Through the first stage of nlp learning, the previous series of links https://blog.csdn.net/bosszhao20190517/article/details/106911793 , mastered the basic methods and principles of nlp, this time I followed Datawhale to participate in the Tianchi competition—— Zero-based introductory NLP competition-news text classification, registration link https://tianchi.aliyun.com/competition/entrance/531810/introduction?spm=5176.12281949.1003.1.493e24487BQPMy , walk into the world of natural language processing and learn in the competition And improve yourself.

1.2 Question data

The contest questions use news data as the contest question data, and the data set is visible and downloadable after registration. The contest question data is news text and is anonymized according to the character level. Integrate and divide 14 candidate classification categories: finance, lottery, real estate, stocks, home furnishing, education, technology, society, fashion, current affairs, sports, constellation, games, entertainment text data.
The question data consists of the following parts: 20w samples in the training set, 5w samples in the test set A, and 5w samples in the test set B. In order to prevent players from manually labeling the test set, we anonymized the text of the game data according to the character level.

1.3 Data label

The processed training data of the competition questions are as follows:

label text
6 57 44 66 56 2 3 3 37 5 41 9 57 44 47 45 33 13 63 58 31 17 47 0 1 1 69 26 60 62 15 21 12 49 18 38 20 50 23 57 44 45 33 25 28 47 22 52 35 30 14 24 69 54 7 48 19 11 51 16 43 26 34 53 27 64 8 4 42 36 46 65 69 29 39 15 37 57 44 45 33 69 54 7 25 40 35 30 66 56 47 55 69 61 10 60 42 36 46 65 37 5 41 32 67 6 59 47 0 1 1 68

The corresponding relationship of the labels in the data set is as follows: {'Technology': 0,'Stocks': 1,'Sports': 2,'Entertainment': 3,'Current Affairs': 4,'Society': 5,'Education' : 6,'Finance': 7,'Home Furnishing': 8,'Game': 9,'Property': 10,'Fashion': 11,'Lottery': 12,'Constellation': 13}

The source of the contest question data is news on the Internet, which is collected and processed anonymously. Therefore, the contestants can perform data analysis on their own, and can give full play to their strengths to complete various feature projects, without restricting the use of any external data and models.
The data column is divided by \t, and the code for reading the data in Pandas is as follows

train_df = pd.read_csv('../input/train_set.csv', sep='\t')

1.4 Evaluation Criteria

The evaluation standard is the average value of the category f1_score. The results submitted by the players are compared with the categories of the actual test set. The larger the result, the better.

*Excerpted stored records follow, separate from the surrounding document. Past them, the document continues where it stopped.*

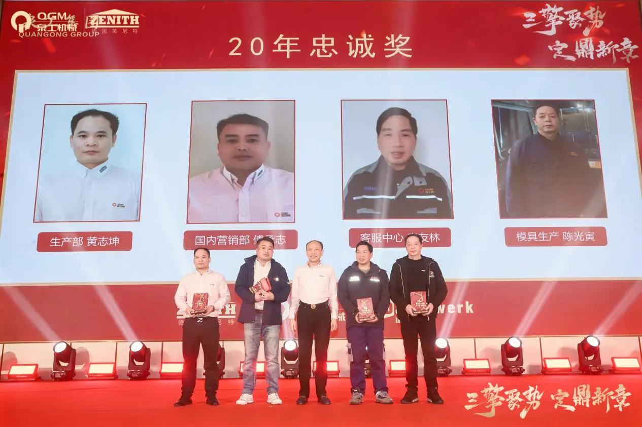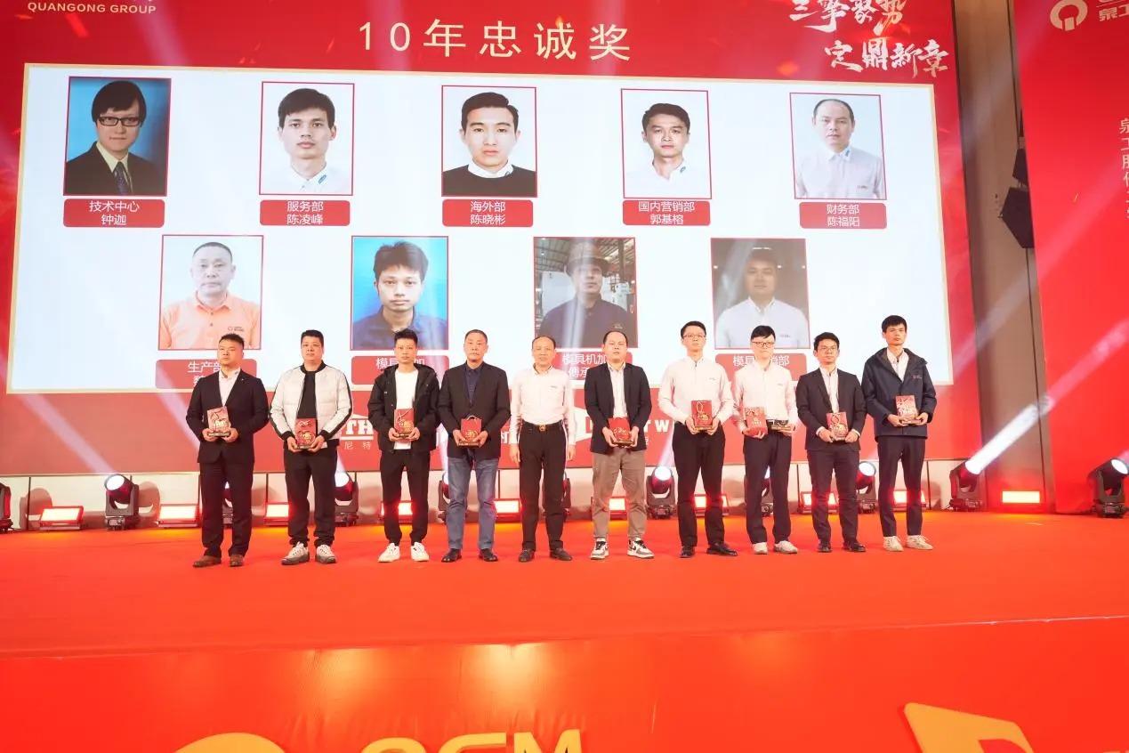 နှစ်ပတ်လည်အစည်းအဝေးတွင် 10 နှစ်၊ နှစ် 20 နှင့် နှစ် 30 သစ္စာစောင့်သိမှုဆုများအတွက်ခမ်းနားသောဆုပေးပွဲအခမ်းအနားကိုလည်းကျင်းပခဲ့သည်။ ကုမ္ပဏီနှင့် လက်တွဲပြီး အတူတကွ ကြီးပြင်းလာခဲ့ကြသော ဝန်ထမ်းတစ်စုသည် Quangong Machinery Co., Ltd. ၏ တည်ငြိမ်သော ဖွံ့ဖြိုးတိုးတက်မှုနှင့် ၎င်း၏ တည်မြဲသော ကော်ပိုရိတ်ယဉ်ကျေးမှု၏ ခိုင်မာသော အခြေခံအုတ်မြစ်ကို အပြည့်အဝ သရုပ်ပြခဲ့သည်။
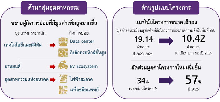 นอกจากนี้ การเปลี่ยนผ่านสู่ยุคอุตสาหกรรมใหม่ยังเป็นความท้าทายสำคัญที่ผู้ประกอบการต้องเตรียมพร้อม อาทิ 1) แนวโน้มการผลิตที่มุ่งสู่เทคโนโลยีขั้นสูงมากขึ้น เช่น EV, Semiconductor, Biotech และ Data center ซึ่งต้องการสาธารณูปโภคที่มีคุณภาพสูงและเสถียรภาพ ทั้งระบบไฟฟ้า น้ำ และโครงข่าย Fiber Optic 2) มาตรฐานความยั่งยืน ที่ผลักดันให้เกิดความต้องการบริการรูปแบบใหม่ ทั้งการเข้าถึงพลังงานสะอาด การบริหารจัดการน้ำที่ลดการรบกวนแหล่งน้ำธรรมชาติ และระบบจัดการขยะที่ปราศจากการฝังกลบ และ 3) การเตรียมความพร้อมรองรับการเข้ามาลงทุนมากขึ้นของ Hyperscale data center ที่ต้องการโครงสร้างพื้นฐานที่มีความมั่นคงสูงสุดและที่ดินที่ปลอดภัยจากภัยพิบัติ อย่างไรก็ดี การปรับนโยบายภาครัฐที่ให้สิทธิประโยชน์ทางภาษีสำหรับการลงทุน Data center ในพื้นที่นอก EEC ที่สูงกว่า อาจส่งผลให้ความต้องการที่ดินนอก EEC เพิ่มขึ้น ดังนั้น ผู้ประกอบการนิคมอุตสาหกรรมจึงต้องเตรียมความพร้อมด้วยการยกระดับบริการสาธารณูปโภคและโครงสร้างพื้นฐานให้มีเสถียรภาพสูงสุด ควบคู่กับการสนับสนุนให้โรงงานภายในนิคมฯ สามารถเข้าถึงแหล่งพลังงานสะอาดได้อย่างสะดวกและมีประสิทธิภาพตามความต้องการของอุตสาหกรรมยุคใหม่ในระยะข้างหน้า
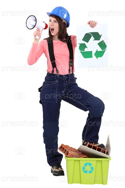 Рабочая с мегафоном и знаком утилизации
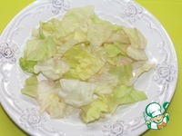 Листья салата Айсбергг порвать руками и выложить на тарелку |
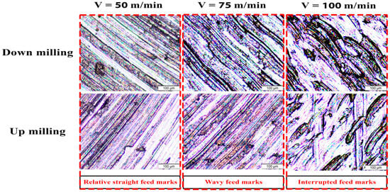 Moving to Figure 8, the surface topographies of milled specimens from up- and down-milling are shown at both the lowest and highest feed rates. The surface textures exhibited pronounced plastic furrows and deep feed marks at the higher feed rate for both milling strategies, indicating diminished surface quality. Furthermore, the impact of tool vibration stemming from increasing cutting speed is evident in Figure 9, which displays the surface textures of milled specimens from up- and down-milling at varying cutting speeds. Notably, at the lower cutting speed (50 m/min), relatively straight feed marks were observed. However, as the cutting speed was increased to 75 m/min, the feed marks became wavy, transitioning to interrupted feed marks at the highest cutting speed (100 m/min). These observations collectively underscore the intricate relationship between process parameters, tool behavior, and resulting surface quality.

Calculation formula: F 1 = 2 ∗ (precision ∗ recall) (precision + recall) Calculation formula: F1=2*\frac{(precision∗recall)}{(precision+recall)} Count calculation public formula : F. . 1=2(precision+recall)(precisionrecall)

The f1_score calculation can be done through sklearn:

from sklearn.metrics import f1_score
y_true = [0, 1, 2, 0, 1, 2]
y_pred = [0, 2, 1, 0, 0, 1]
f1_score(y_true, y_pred, average='macro')

1.5 Read data

Use the Pandas library to complete the data reading operation and analyze the contest data.

1.6 Thinking analysis

Analysis of the idea of ​​the question: The essence of the question is a text classification problem, which needs to be classified according to the characters of each sentence. However, the data given in the question is anonymized, and operations such as Chinese word segmentation cannot be used directly. This is the difficulty of the question.

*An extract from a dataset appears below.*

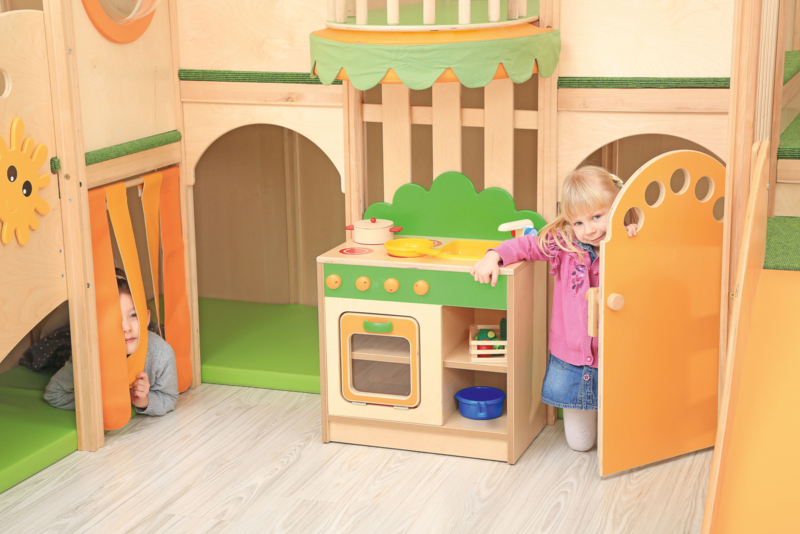 Verder is er een fornuis met gootsteen en 3 (interactiev) activiteitenborden
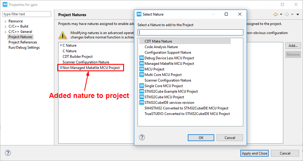 Manually editing the ".cproject" file feels like a dirty hack to me and not sustainable long term. I am going to create a new thread question where I try to solve it using a different approach by creating an STM32 project and trying to change it from a Managed CDT project nature to an unmanaged Makefile project nature.

Therefore, the difficulty of this competition is the need to model anonymous characters to complete the process of text classification. Since text data is a typical unstructured data, it may involve two parts: feature extraction and classification model.

  • Idea 1: TF-IDF + machine learning classifier

Directly use TF-IDF to extract features from the text, and use the classifier to classify. In the choice of classifier, you can use SVM, LR, or XGBoost.

  • Idea 2: FastText

FastText is an entry-level word vector. Using the FastText tool provided by Facebook, you can quickly build a classifier.

  • Idea 3: WordVec + deep learning classifier

WordVec is an advanced word vector, and the classification is completed by constructing a deep learning classification. The network structure of deep learning classification can choose TextCNN, TextRNN or BiLSTM.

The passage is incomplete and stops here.